After 10 days of deliberation, a Los Angeles jury found disgraced movie mogul Harvey Weinstein guilty of one count of rape on December 19, 2022.

Weinstein, 70, was charged in Los Angeles with seven sexual assault counts involving four women: three counts of forcible rape, two counts of sexual battery by restraint, one count of forcible oral copulation, and one count of sexual penetration by a foreign object. He pleaded not guilty to all charges.

In addition to the one count of rape, Weinstein was found guilty of forced oral copulation and another sexual misconduct count relating to one of the four victims. 

The jury did not reach a verdict on charges relating to two other alleged victims, one of whom was Jennifer Siebel-Newsom, the wife of Governor Gavin Newsom. With no verdicts relating to the allegations from these two women, the court declared a mistrial.

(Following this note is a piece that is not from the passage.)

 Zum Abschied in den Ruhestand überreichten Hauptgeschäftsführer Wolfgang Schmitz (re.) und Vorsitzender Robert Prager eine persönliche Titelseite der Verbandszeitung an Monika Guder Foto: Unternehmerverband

As a result of the decision, the charges were formally dismissed Tuesday. Weinstein was sentenced in February to 16 years in prison for the charges on which he was convicted for sexually assaulting a model-actress in a Los Angeles hotel room a decade ago.

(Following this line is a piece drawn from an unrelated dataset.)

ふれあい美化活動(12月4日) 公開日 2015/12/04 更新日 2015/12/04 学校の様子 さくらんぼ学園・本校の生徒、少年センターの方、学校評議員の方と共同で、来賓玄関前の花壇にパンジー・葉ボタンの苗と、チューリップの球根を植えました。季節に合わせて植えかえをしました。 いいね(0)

He was acquitted of a sexual battery charge brought forth by a massage therapist who treated Weinstein at a hotel in 2010. 

Weinstein is already serving a 23-year prison sentence for his convictions for sexually assaulting two women in New York. Weinstein's sentence in Los Angeles will be served consecutively to his sentence in the New York case.

The former Hollywood mogul and co-founder of the entertainment company Miramax —  which produced movies like "Pulp Fiction" and "Shakespeare in Love" and which became ground zero for a litany of sex abuse allegations that came to light with the rise of the #MeToo movement — originally faced 11 charges in Los Angeles that, when taken together, could have amounted to a 65-year prison sentence had the jury found him guilty on all counts.